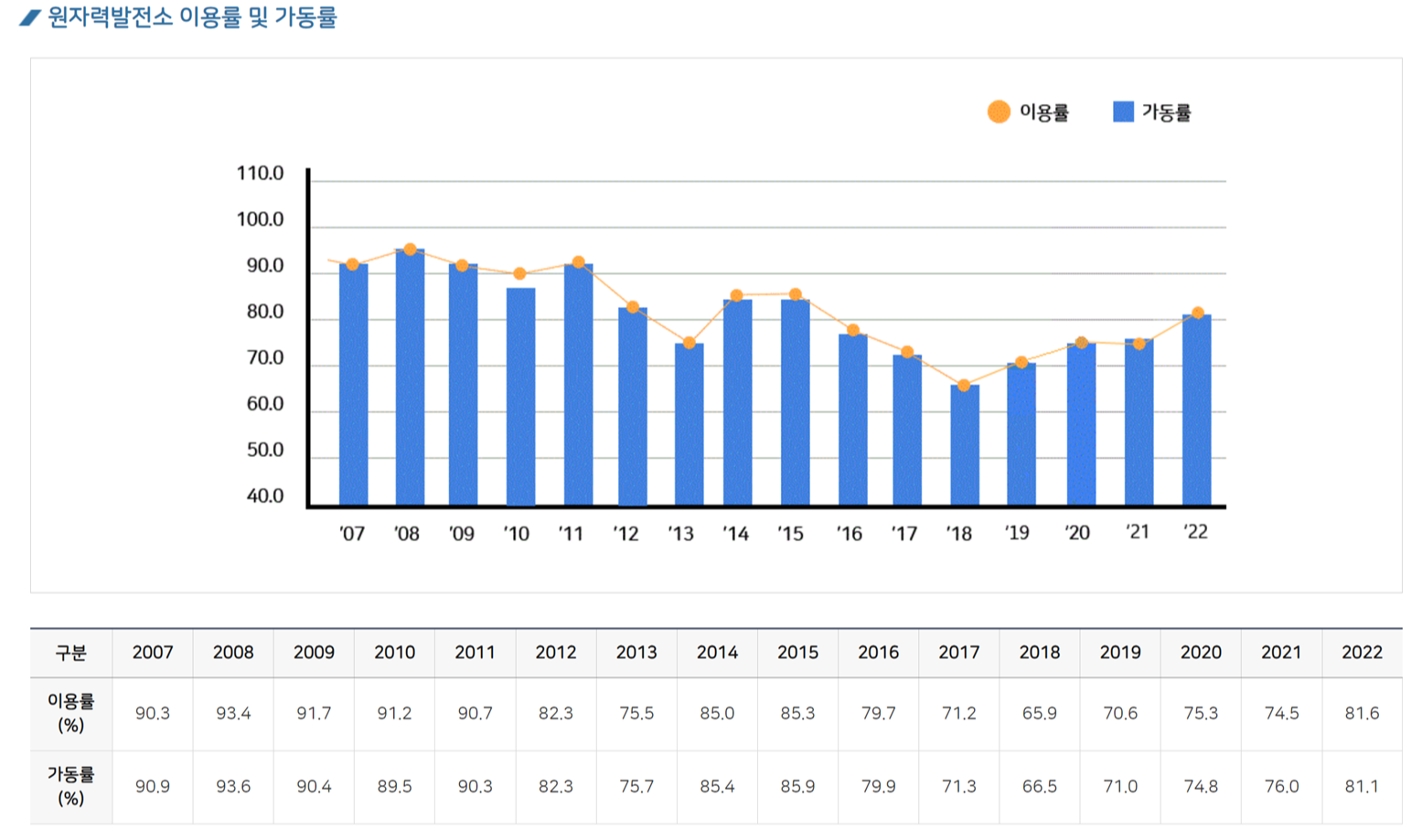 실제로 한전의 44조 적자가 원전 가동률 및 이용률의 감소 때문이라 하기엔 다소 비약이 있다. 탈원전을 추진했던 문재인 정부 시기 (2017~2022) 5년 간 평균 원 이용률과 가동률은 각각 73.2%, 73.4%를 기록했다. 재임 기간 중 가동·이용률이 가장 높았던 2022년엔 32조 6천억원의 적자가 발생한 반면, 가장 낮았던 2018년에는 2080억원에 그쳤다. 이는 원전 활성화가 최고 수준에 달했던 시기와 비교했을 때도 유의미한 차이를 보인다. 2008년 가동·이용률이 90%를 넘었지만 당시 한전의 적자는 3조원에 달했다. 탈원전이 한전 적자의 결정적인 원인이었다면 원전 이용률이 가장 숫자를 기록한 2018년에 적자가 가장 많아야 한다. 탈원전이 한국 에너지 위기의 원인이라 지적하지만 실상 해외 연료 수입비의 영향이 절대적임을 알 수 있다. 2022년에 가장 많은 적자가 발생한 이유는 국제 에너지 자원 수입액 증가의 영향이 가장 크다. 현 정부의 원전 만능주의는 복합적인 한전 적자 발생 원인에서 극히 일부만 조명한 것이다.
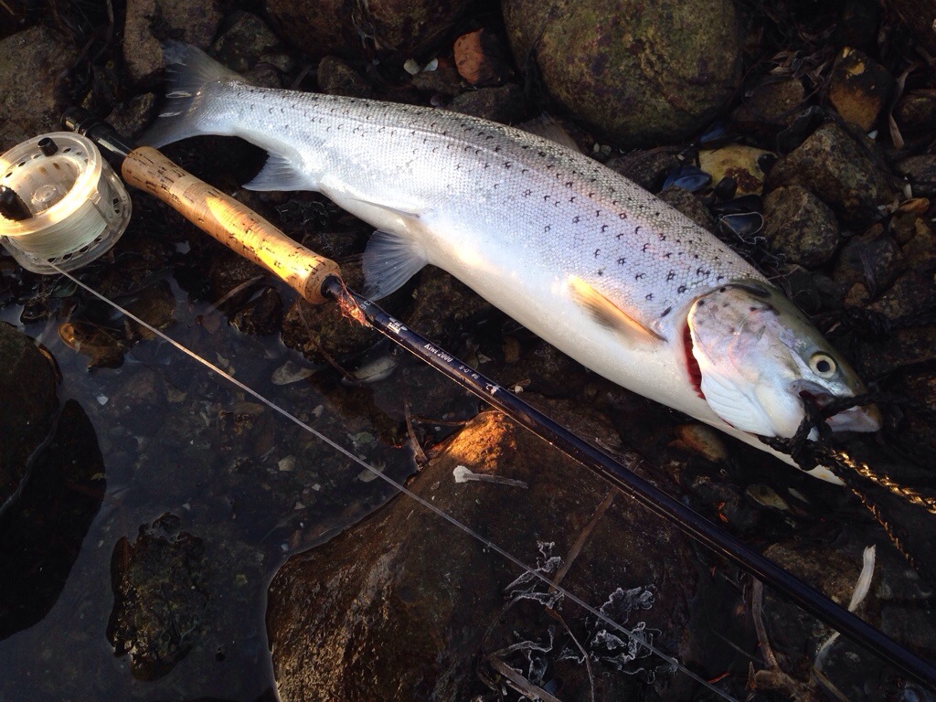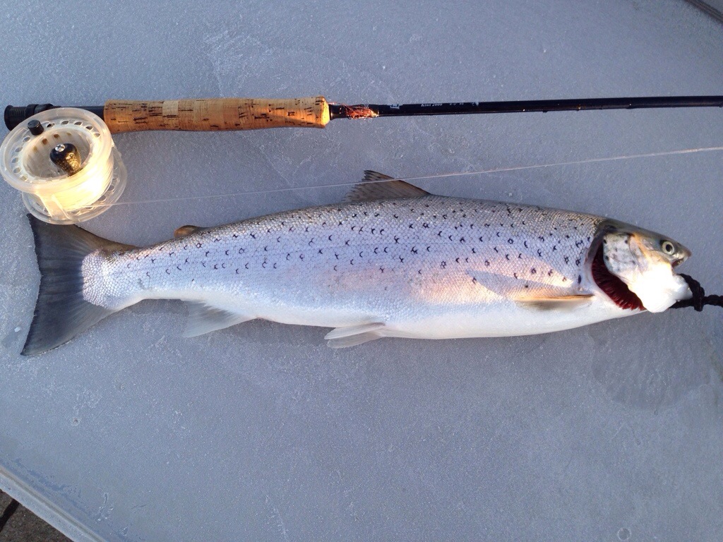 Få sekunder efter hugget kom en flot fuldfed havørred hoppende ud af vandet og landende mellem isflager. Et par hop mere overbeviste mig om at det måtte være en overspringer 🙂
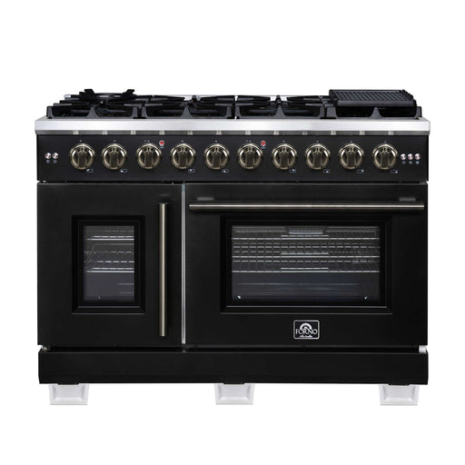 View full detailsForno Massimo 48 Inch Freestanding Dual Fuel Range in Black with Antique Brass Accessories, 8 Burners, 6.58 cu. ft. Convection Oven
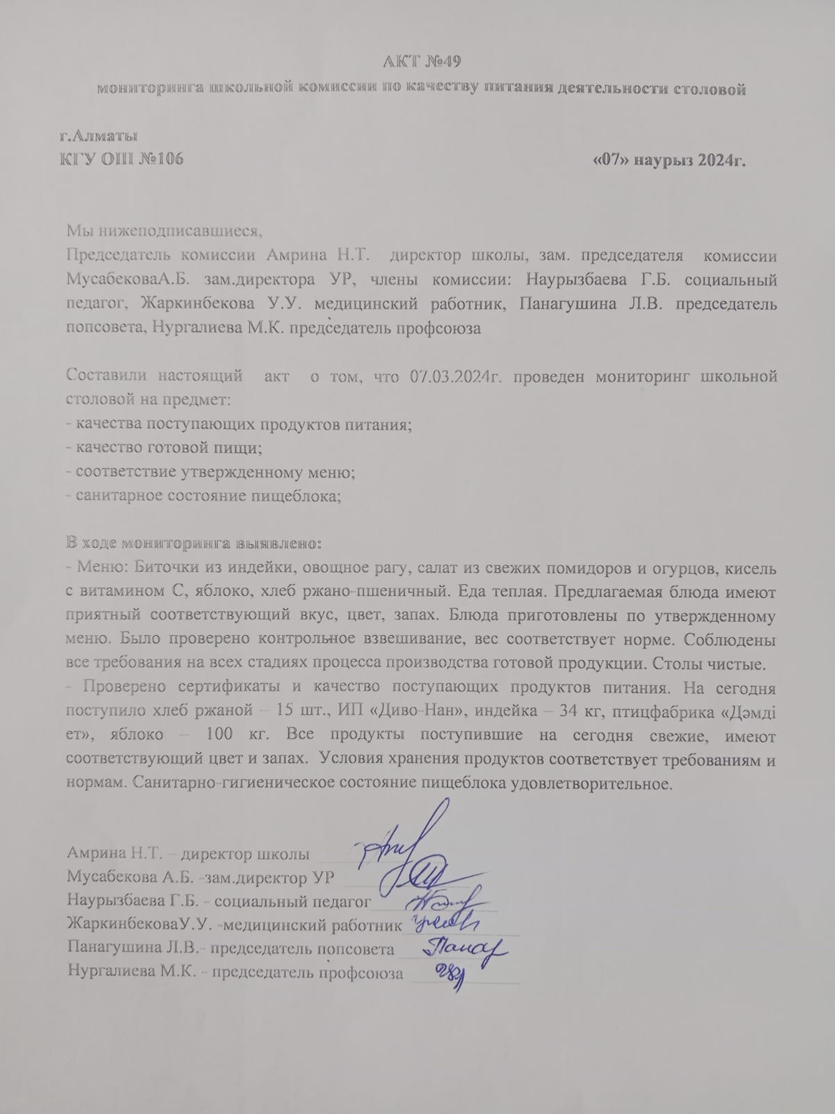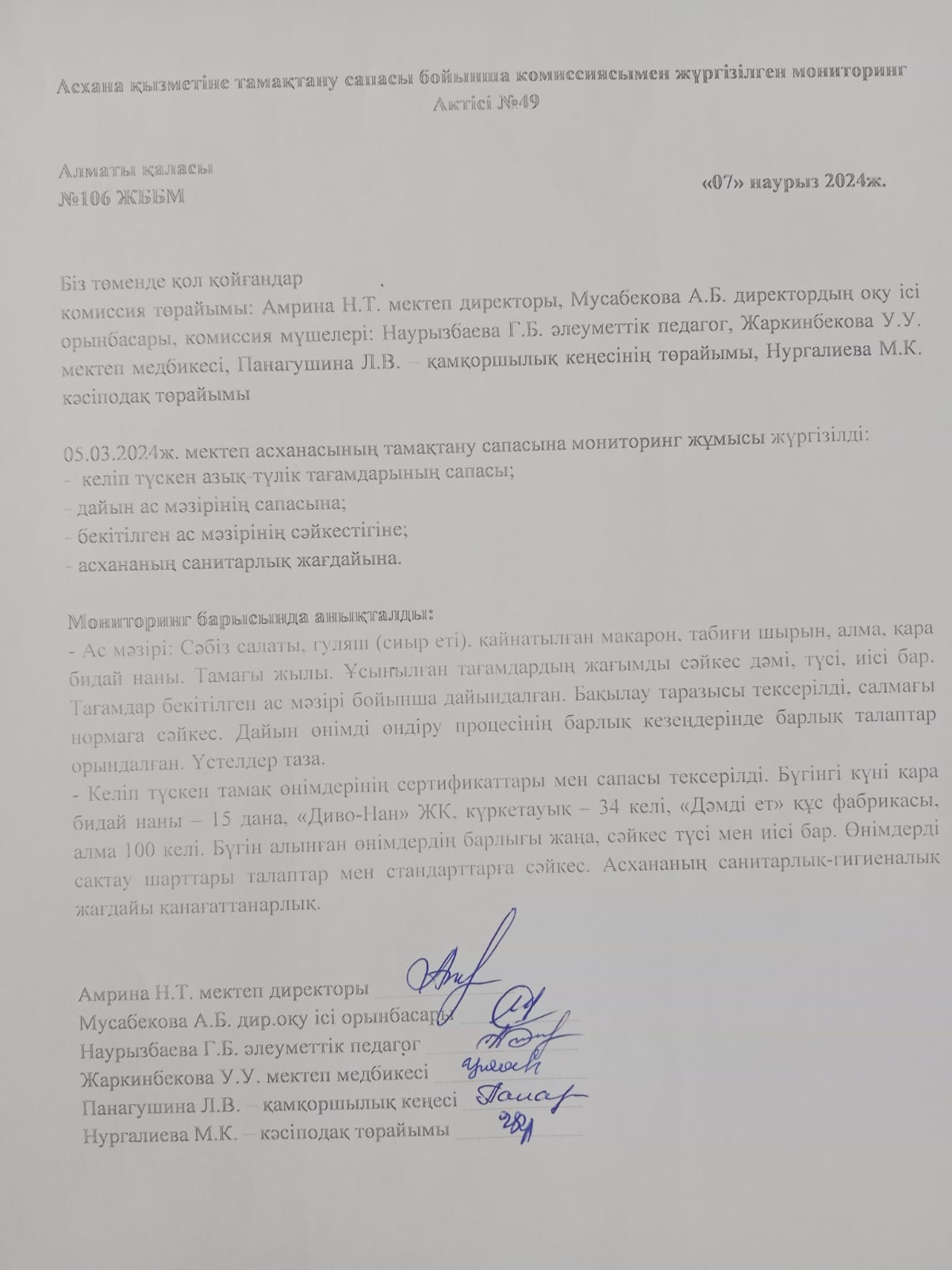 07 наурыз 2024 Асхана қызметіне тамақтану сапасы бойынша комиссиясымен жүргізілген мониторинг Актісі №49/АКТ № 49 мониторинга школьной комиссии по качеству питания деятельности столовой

### What is required
The required output is every line of the data above, set down exactly and stripped of pictures.

### Exercise result
 실제로 한전의 44조 적자가 원전 가동률 및 이용률의 감소 때문이라 하기엔 다소 비약이 있다. 탈원전을 추진했던 문재인 정부 시기 (2017~2022) 5년 간 평균 원 이용률과 가동률은 각각 73.2%, 73.4%를 기록했다. 재임 기간 중 가동·이용률이 가장 높았던 2022년엔 32조 6천억원의 적자가 발생한 반면, 가장 낮았던 2018년에는 2080억원에 그쳤다. 이는 원전 활성화가 최고 수준에 달했던 시기와 비교했을 때도 유의미한 차이를 보인다. 2008년 가동·이용률이 90%를 넘었지만 당시 한전의 적자는 3조원에 달했다. 탈원전이 한전 적자의 결정적인 원인이었다면 원전 이용률이 가장 숫자를 기록한 2018년에 적자가 가장 많아야 한다. 탈원전이 한국 에너지 위기의 원인이라 지적하지만 실상 해외 연료 수입비의 영향이 절대적임을 알 수 있다. 2022년에 가장 많은 적자가 발생한 이유는 국제 에너지 자원 수입액 증가의 영향이 가장 크다. 현 정부의 원전 만능주의는 복합적인 한전 적자 발생 원인에서 극히 일부만 조명한 것이다.
 Få sekunder efter hugget kom en flot fuldfed havørred hoppende ud af vandet og landende mellem isflager. Et par hop mere overbeviste mig om at det måtte være en overspringer 🙂
 View full detailsForno Massimo 48 Inch Freestanding Dual Fuel Range in Black with Antique Brass Accessories, 8 Burners, 6.58 cu. ft. Convection Oven
 07 наурыз 2024 Асхана қызметіне тамақтану сапасы бойынша комиссиясымен жүргізілген мониторинг Актісі №49/АКТ № 49 мониторинга школьной комиссии по качеству питания деятельности столовой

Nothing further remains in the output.